Of course, the 24k gold hardware and sparkle binding on the bodies, fingerboards, and headstocks aren’t too shabby, either. But remember—these guitars are rare, meaning that only six Roy Rogers and one Dale Evans model were produced. And so, with starting bids of $10,000 and a buyer’s premium of $12,500, to be sure, if you want to own either of these pristine pieces of history, it’ll cost you.

Next on Heritage’s docket is something oh-so-sweet but perhaps a bit more affordable: a Sunburst Fender Stratocaster, which features a backstage pass signed by Stevie Ray Vaughn adhered to the lower portion of the body near the bridge.

This one isn’t nearly as expensive as the “King of the Cowboys” or the “Queen of the West,” with a current bid of $575 and a buyer’s premium of $718.75. Not too shabby for a piece of six-string history, right? But, of course, while unique, this axe is but a humble paster-caster, meaning it’s not a guitar that came straight from the factory. But still, it comes with a gigbag and would make an excellent piece for display in one’s collection.

And while we’re on the subject of Strats, we’d be remiss if we didn’t mention Heritage’s other piece of Vaughan Brothers-related memorabilia up for grabs: a white 1989 Fender Stratocaster signed by both Jimmie and Stevie Ray Vaughan, which, without a doubt, sounds undoubtedly tasty.

The 34-year-old antiquity is clean as a whistle and all original. But, of course, the best part is the stunning signatures lovingly scrawled across its alder top, with Jimmie’s being above the scratch plate and Stevie’s—in all its glory—boldly residing under the bridge and tremolo system. Additionally, the guitar comes with its factory-issue hard case and plays wonderfully.

Unlike its parts-caster counterpart, this dyed-in-the-wool Fender job will cost you a touch more. But if your wallet can take the hit, to be sure, a $3000 starting bid and $3,750 buyer’s premium aren’t too much to pay for a piece of Stevie Ray Vaughan-related history that surely will be a crown jewel within your collection.

Moving on to the penultimate piece of the collection, aka “The Star of the Show,” we’ve got a ’66 Fender Jaguar in gorgeous sunburst. And that’s nice, but what’s so special about it? Oh, that’s right—this particular Jag was signed by Kurt Cobain. Huzzah!

As we know, Cobain was apt to smash his poor and unassuming guitars on a whim, which is fine as it made for some truly memorable, if not hyper-emotive, moments. And so, it’s not lost on us that this ’66 Jag survived the proverbial wars it was put through via the quivering hands of Nirvana’s titular frontman.

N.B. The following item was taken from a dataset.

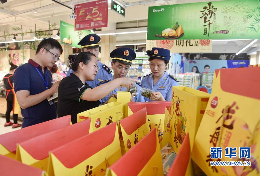 5月24日,在福州市臺(tái)江區(qū)一家超市,“四風(fēng)”督查組人員在了解在售粽子是否有過度包裝現(xiàn)象,并檢查提貨記錄。端午節(jié)前,福建省福州市紀(jì)檢監(jiān)察機(jī)關(guān)聯(lián)合市場監(jiān)督管理等部門,抽調(diào)人員組成“四風(fēng)”督查組,加強(qiáng)對(duì)登記注冊的商場超市、賓館酒店、煙酒門市等場所開展集中督查,重點(diǎn)檢查消費(fèi)發(fā)票和購物清單,及時(shí)報(bào)送發(fā)現(xiàn)的疑似“定點(diǎn)消費(fèi)”“使用公款定期支付”等線索,多措并舉嚴(yán)防“四風(fēng)”反彈。新華社記者 宋為偉 攝

Survival aside, this Jag is unique because it’s not only signed by Cobain, but he somehow managed to misspell his own name: “To the/Guitar Hal/o fame/Kurdt Kobain/Nirvana.” Surely, this was intentional, given the fallen vocalist’s laconic sense of humor. And no to worry—the signature has been authenticated by PSA and Roger Epperson. The COAs are included, as is a photo of Cobain holding the guitar and a gigbag.

Interested in owning this bit of grunge-related history? Better get your finances in order, as the current bid rests at $50,000, and the buyer’s premium is a hearty $62,500. But while it’s expensive, there are few instances where one can grab a piece of Cobain’s hallowed history. And so, if you’ve got the means, and pilgrimages down the halls of the house of grunge are your bag—grab this Jag before it’s gone.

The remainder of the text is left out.